No intention to make an offer for BCA Marketplace plc (“BCA”)

 

6 July 2018

NOT FOR RELEASE, PUBLICATION OR DISTRIBUTION IN WHOLE OR IN PART IN, INTO OR FROM ANY JURISDICTION WHERE TO DO SO WOULD CONSTITUTE A VIOLATION OF THE RELEVANT LAWS OR REGULATIONS OF THAT JURISDICTION

THIS ANNOUNCEMENT CONTAINS INSIDE INFORMATION

FOR IMMEDIATE RELEASE

6 July 2018

No intention to make an offer for BCA Marketplace plc (“BCA”)

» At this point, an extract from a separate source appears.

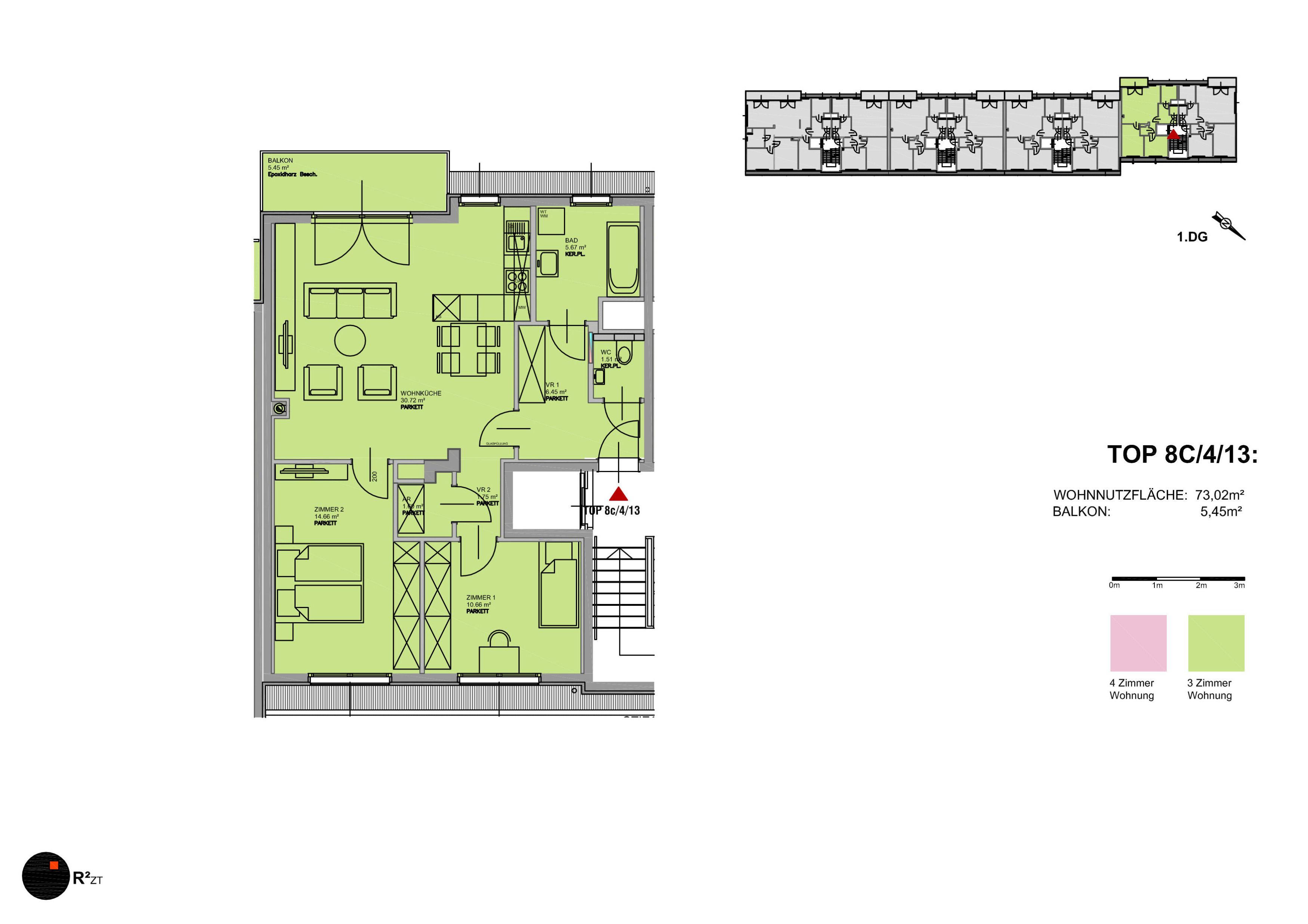 Bei Bedarf kann ein Hofstellplatz (EUR 80,- brutto) oder ein Tiefgaragenplatz (EUR 120,- brutto) angemietet werden.
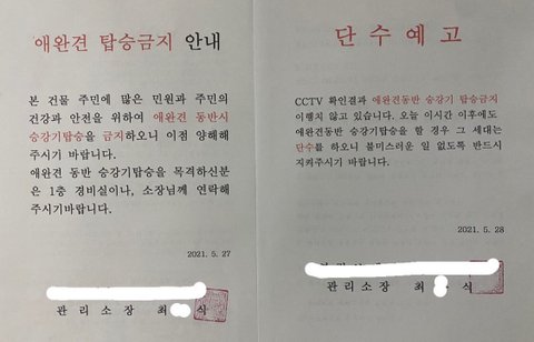 'CCTV 확인결과 애완견동반 승강기탑승금지를 이행치 않고 있습니다. 오늘 이시간 이후에도 애완견동반 승강기탑승을 할 경우 그 세대는 단수를 하오니 불미스러운 일 없도록 반드시 지켜주시기 바랍니다. 2021.05.28'

Further to its announcement of 10 June 2018, Apax Partners LLP (“Apax”) confirms that neither Apax nor any funds advised by Apax (the “Apax Funds”) intend to make an offer for BCA.  This is a statement to which Rule 2.8 of the Takeover Code (the “Code”) applies.

Takeover Code note

Under Note 2 on Rule 2.8 of the Code, Apax and the Apax Funds reserve the right to set the restrictions in Rule 2.8 aside in the following circumstances:

a)     with the agreement of the board of BCA;

b)     if a third party announces a firm intention to make an offer for BCA;

c)     if BCA announces a “whitewash” proposal (see Note 1 of the Notes on Dispensations from Rule 9) or a reverse takeover (as defined in the Code); or

d)     if there has been a material change of circumstances (as determined by the Takeover Panel).